Many of the challenges facing the drug industry are magnified in the biotech field. Without long track records to point to, a company's success is highly dependent on convincing investors that it's on to something new, interesting and marketable. Adequate capitalization to fund their operations, clinical studies, as well as production and distribution is a do or die no matter how good a product could be. Bio View's model alleviates the capitalization risk by keeping to its core competencies - R&D and aligning with strategic partners on the business side. In Verisante's case their 2011 financial statements show that it has sufficient cash resources available to meet its obligations for at least the next twelve months. That however, is not an indicator of adequate capitalization for the long haul. Should the Company 's Aura system (see below) get US FDA approval, they will no doubt have to raise a additional capital thereby diluting its current share base, or be forced to align with a large player that has an established production system and distribution channels already in place.

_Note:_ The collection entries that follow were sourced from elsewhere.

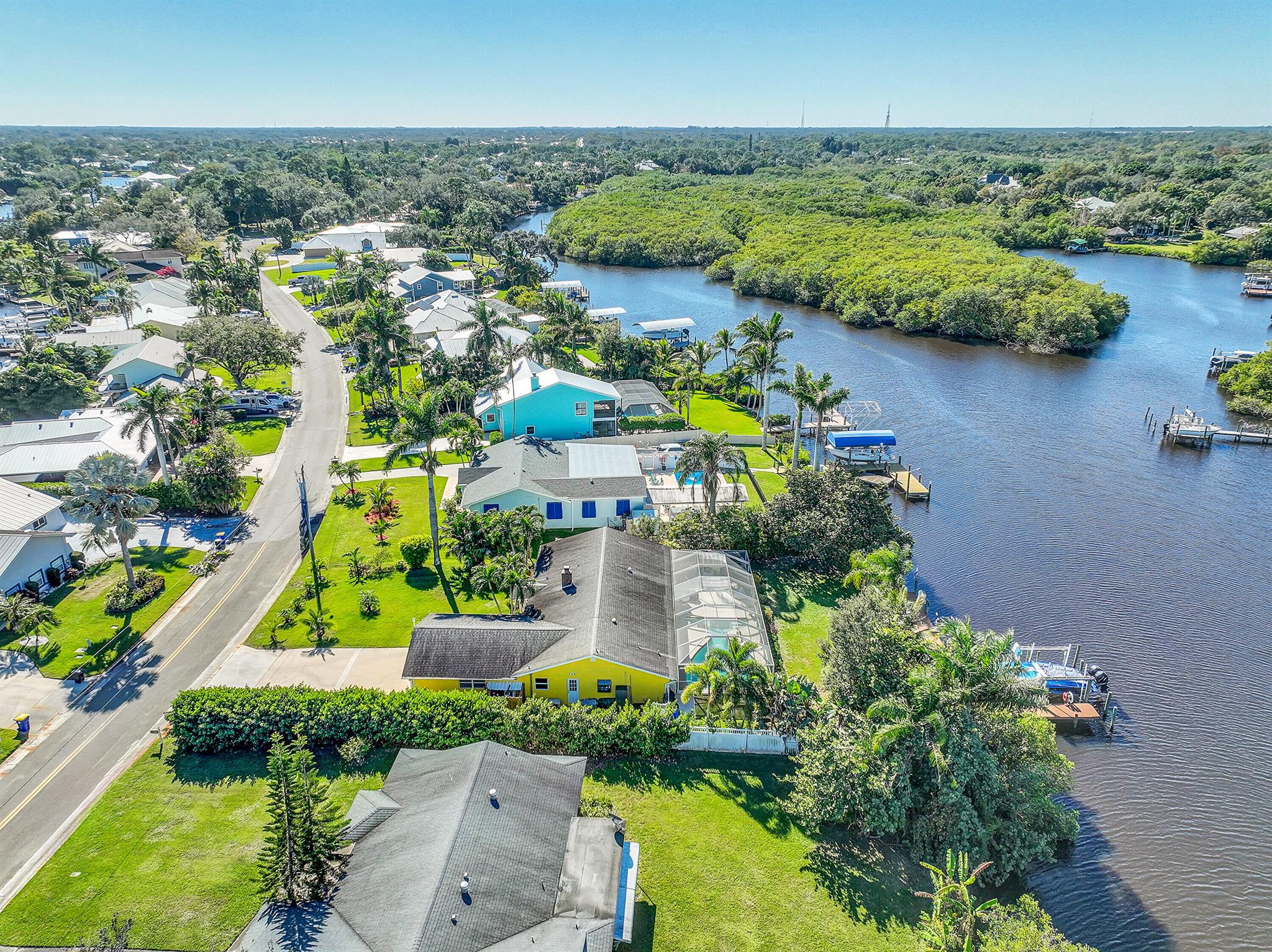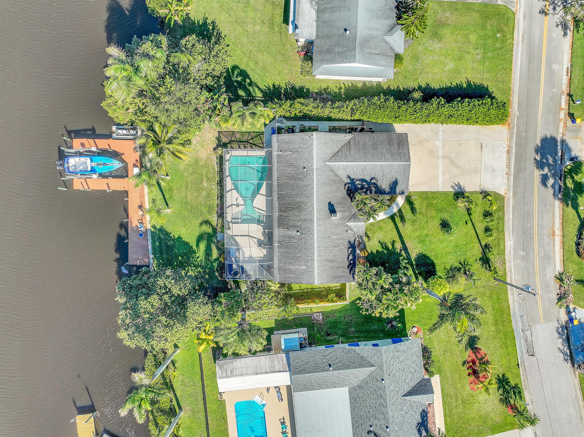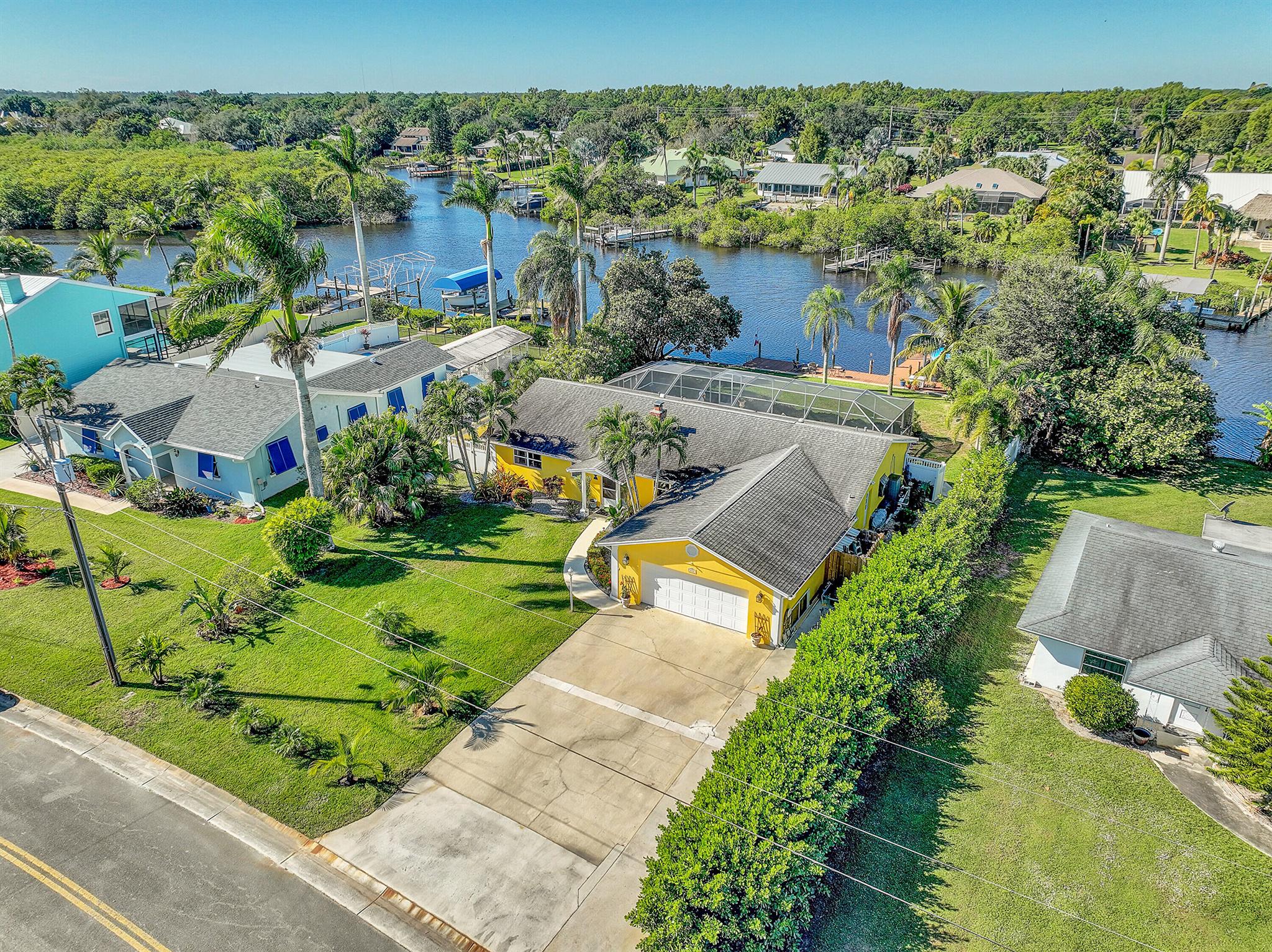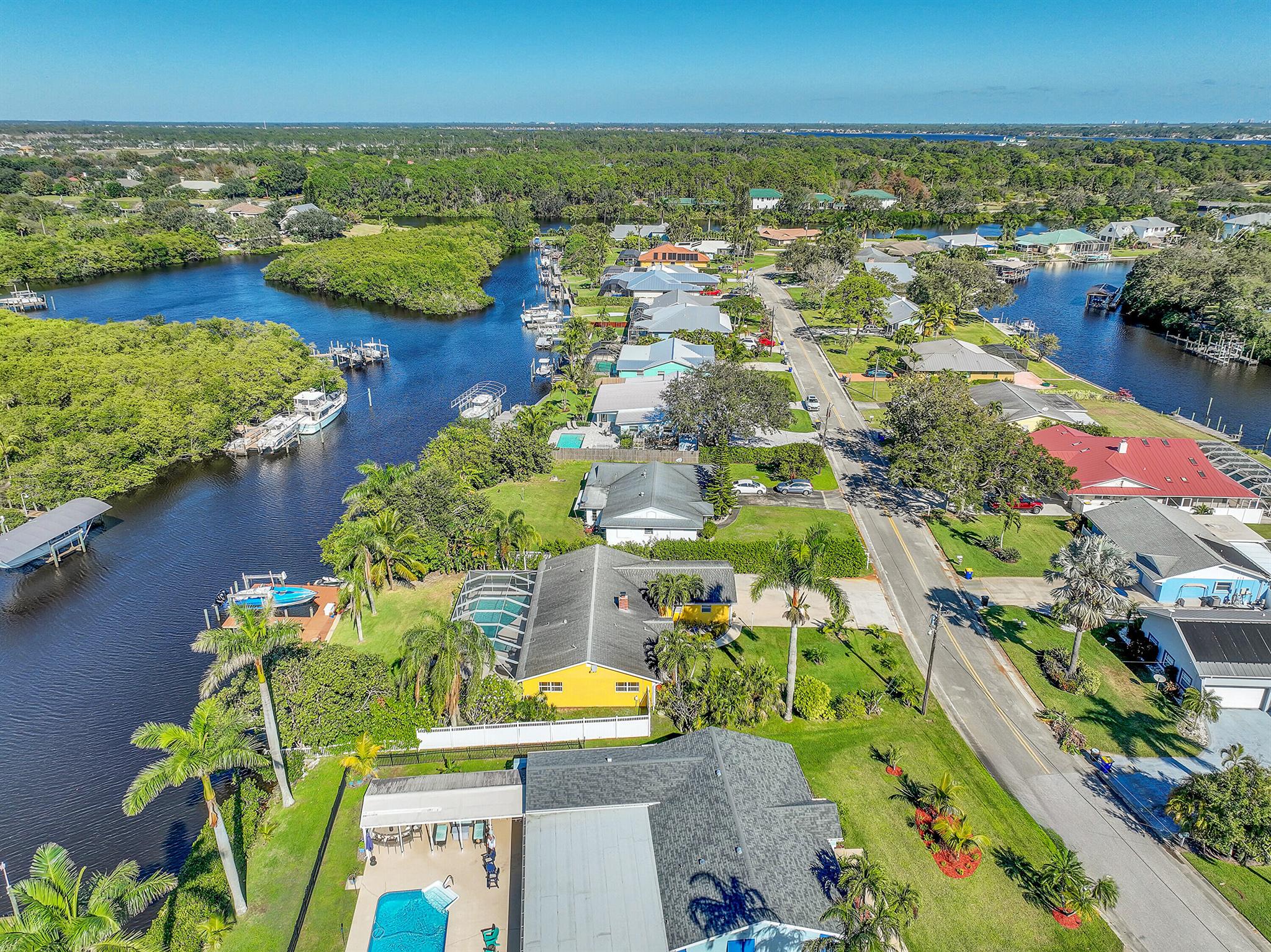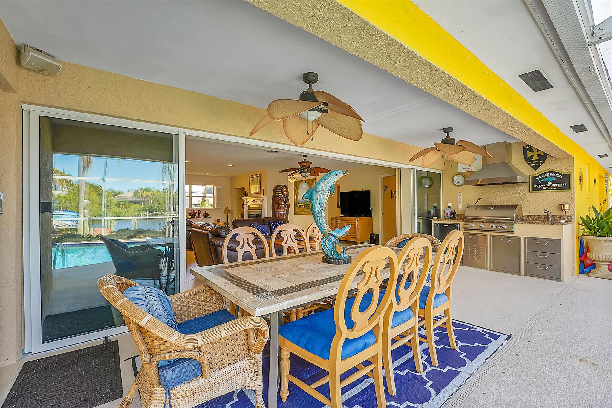 PRICE IMPROVEMENT!!! Welcome to this exceptional 4-bedroom, 3-bathroom CBS home offering 2168 square feet of living space. Situated on over 1/3 of an acre of prime ocean access waterfront property on a deep water canal with no low fixed bridges. This property also offers ample driveway space for your trailers while you leave the boat on the 13k lb lift. Step inside to a spacious, TRUE open-concept great room that effortlessly splits the floor plan into three distinct areas. The living area flows seamlessly through pocket-sliders onto the expansive screened pool deck offering an aw-inspiring view, where you'll find a full outdoor kitchen perfect for al fresco dining, as well as a full cabana bathroom ideal for entertaining.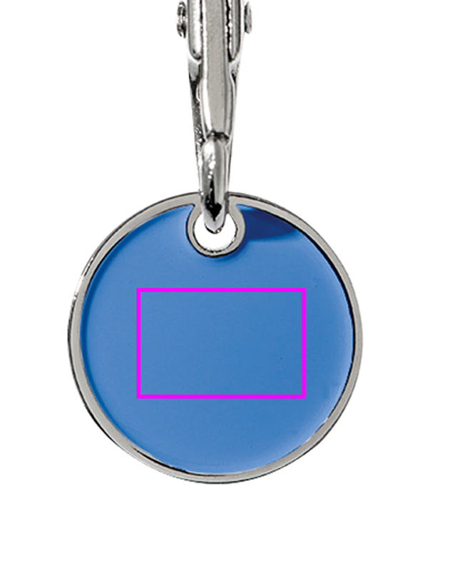 Metal keyring with snap hook and shopping coin. One side of the coin is colored. We will engrave your logo onto the silver side.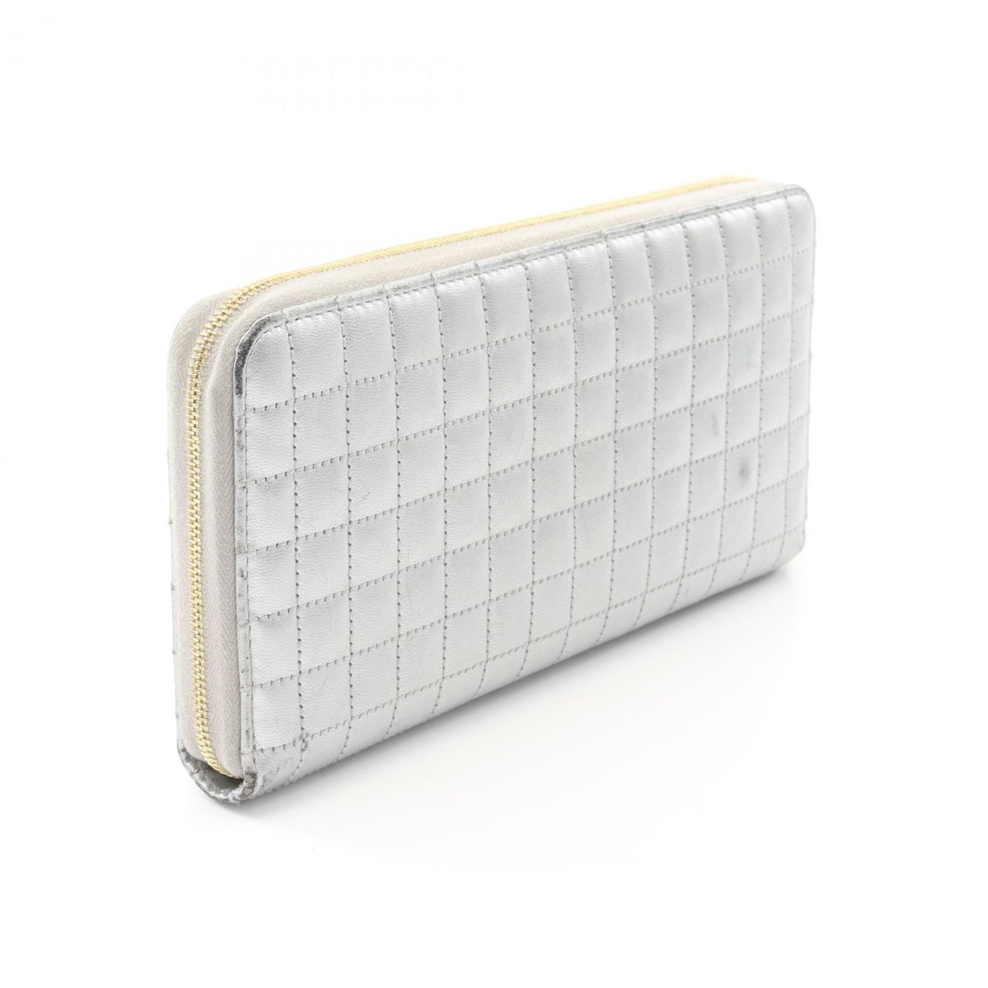 CELINE C Charm Large Zipped Wallet Round Long Leather Women\'s Silver 10B553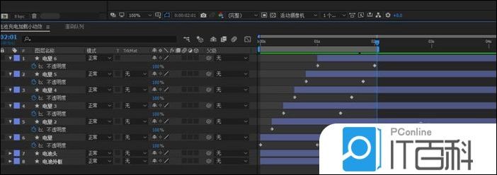 4、选中所有电量图层,按下T键打开 不透明度属 性,在第 0s出k关键帧 ,起始值为0 ,第二帧1s处设置不透明度为100.
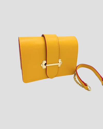 Le sac Valentina en cuir Palmellato et de couleur jaune se veut pratique et élégant grâce à son mini format rectangulaire et son cuir robuste. Vous pourrez opter pour un porté épaule ou croisé grâce à la bandoulière et également un porté à la ceinture. Son fermoir métallique original tenu par une bande de cuir vous assure sécurité et une touche sophistiquée !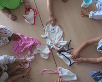 Welche Farbe soll mein Lätzchen heute haben? Die Krippenkinder in der Kita FarbenFroh entscheiden dies selbst.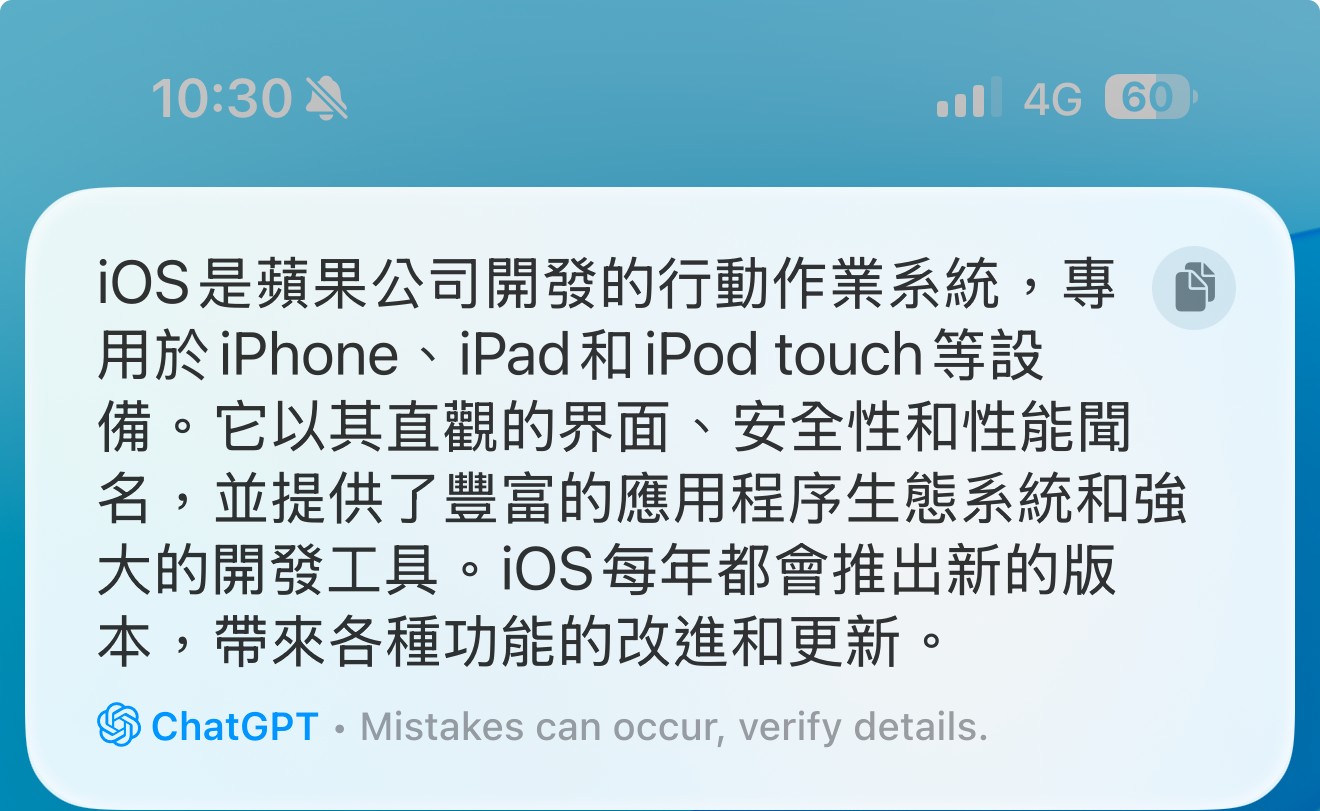 好消息是語言支援很快就會擴充。今年 12 月,系統將新增六個英語地區的在地化版本,包括澳洲、加拿大、愛爾蘭、紐西蘭、南非和英國。明年 4 月起,Apple 將透過軟體更新陸續加入更多語言支援,包括中文、新加坡英文、印度英文,以及法文、德文、義大利文、日文、韓文、葡萄牙文、西班牙文和越南文等多種語言。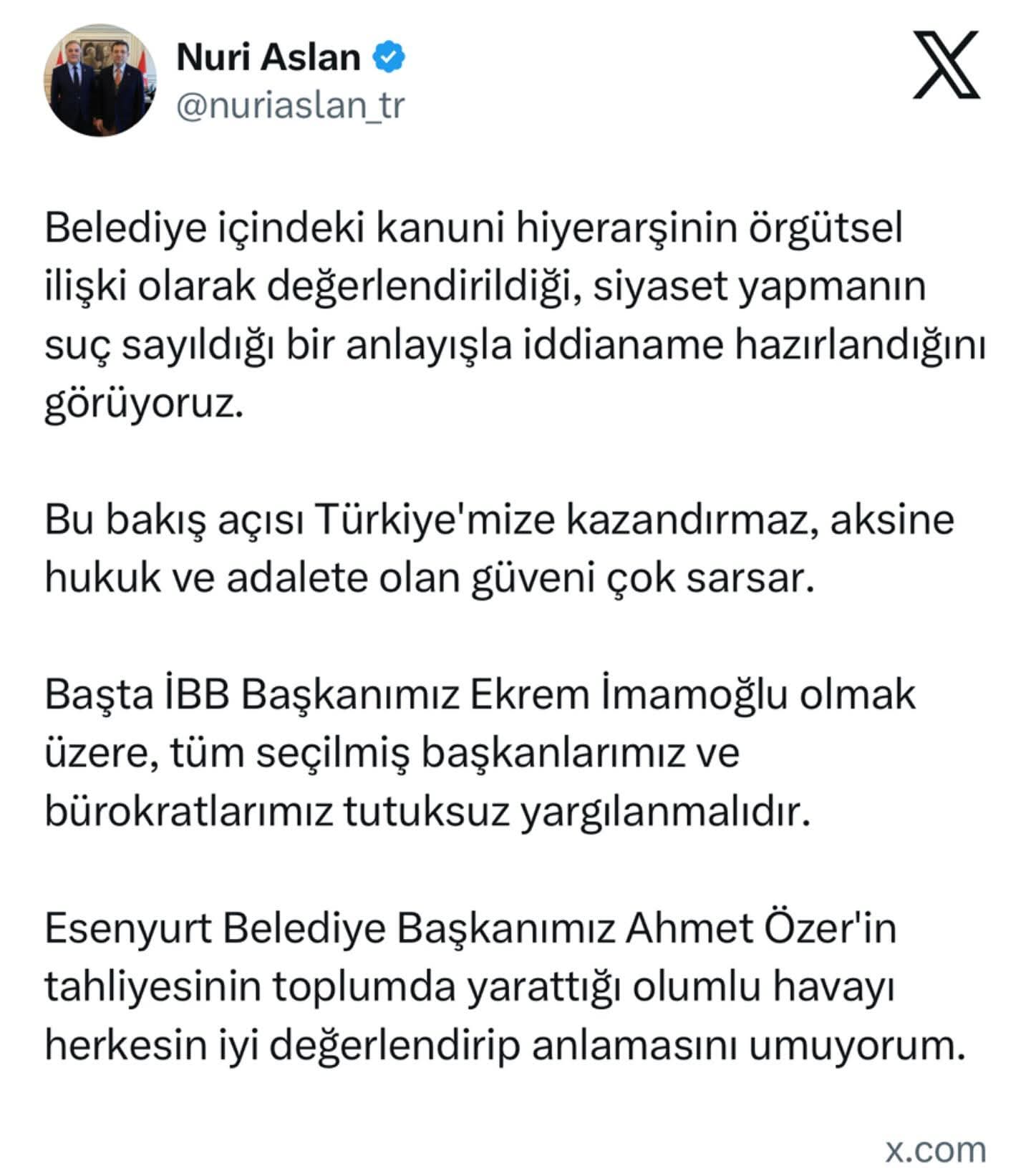Aslan’ın açıklaması, son dönemde İBB ve bazı ilçe belediyelerine yönelik yürütülen soruşturmaların ardından geldi. Özellikle Ekrem İmamoğlu hakkında devam eden davalar ve Esenyurt Belediye Başkanı Ahmet Özer’in kısa süreli tutukluluğunun ardından tahliye edilmesi, kamuoyunda geniş yankı uyandırmıştı.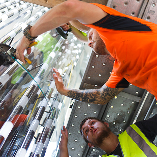 Our studio managed Flow and Pause from concept to implementation, developing detailed construction documentation and engineering solutions to bring the artwork to life. In collaboration with specialist lighting designers, we created a custom double-sided LED system to achieve its dynamic illumination. Throughout installation, we maintained a particle-free environment in the glass chamber, ensuring the pristine presentation and integrity of the work.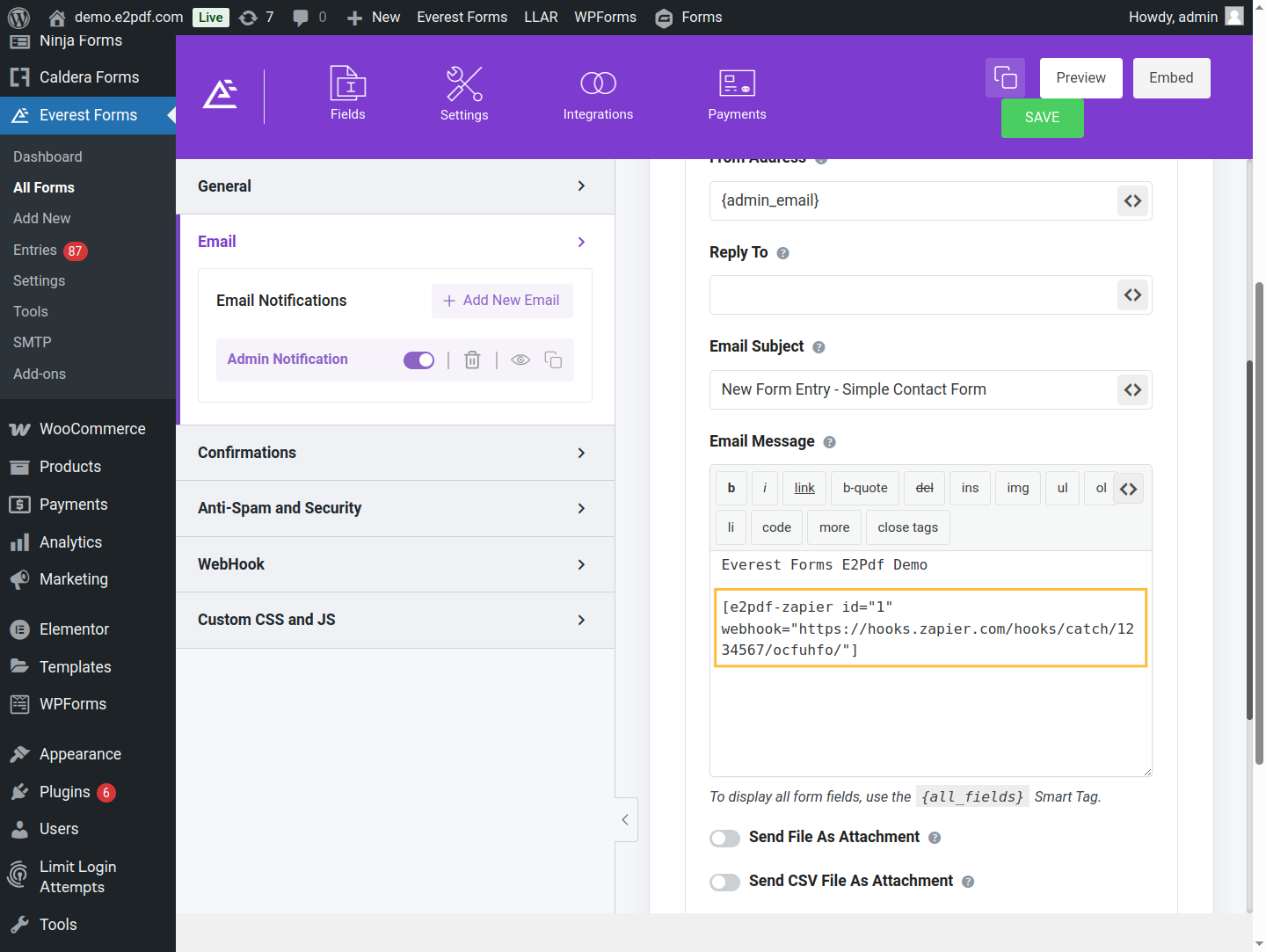 Create and fill PDF documents with data from the Everest Forms plugin. E2Pdf shortcodes can be used inside "Confirmation Message" / "Email Notification".

Verisante has a many good things going for it that may set the Company on an acquisition track. According to the Company's website the success of their pilot studies of their Aura and Core devices in 200 2011 clearly established the company as one of the leaders in its field. The Aura system found every case of melanoma in 274 lesions flagged for biopsy, while preneoplastic lesions were detected with a sensitivity of 96% and a specificity of 91% with the Core device. Additionally, Verisante initiated the FDA approval process for its Aura system, last year, after the device was first authorized for sale in Canada, Australia and the European Union. According to Zacks Equity Research, entry into the U.S. would increase Verisante's dermatology practice market alone by another 50% (in device sales and recurring revenue).

Disclosure: I have no positions in any stocks mentioned, and no plans to initiate any positions within the next 72 hours.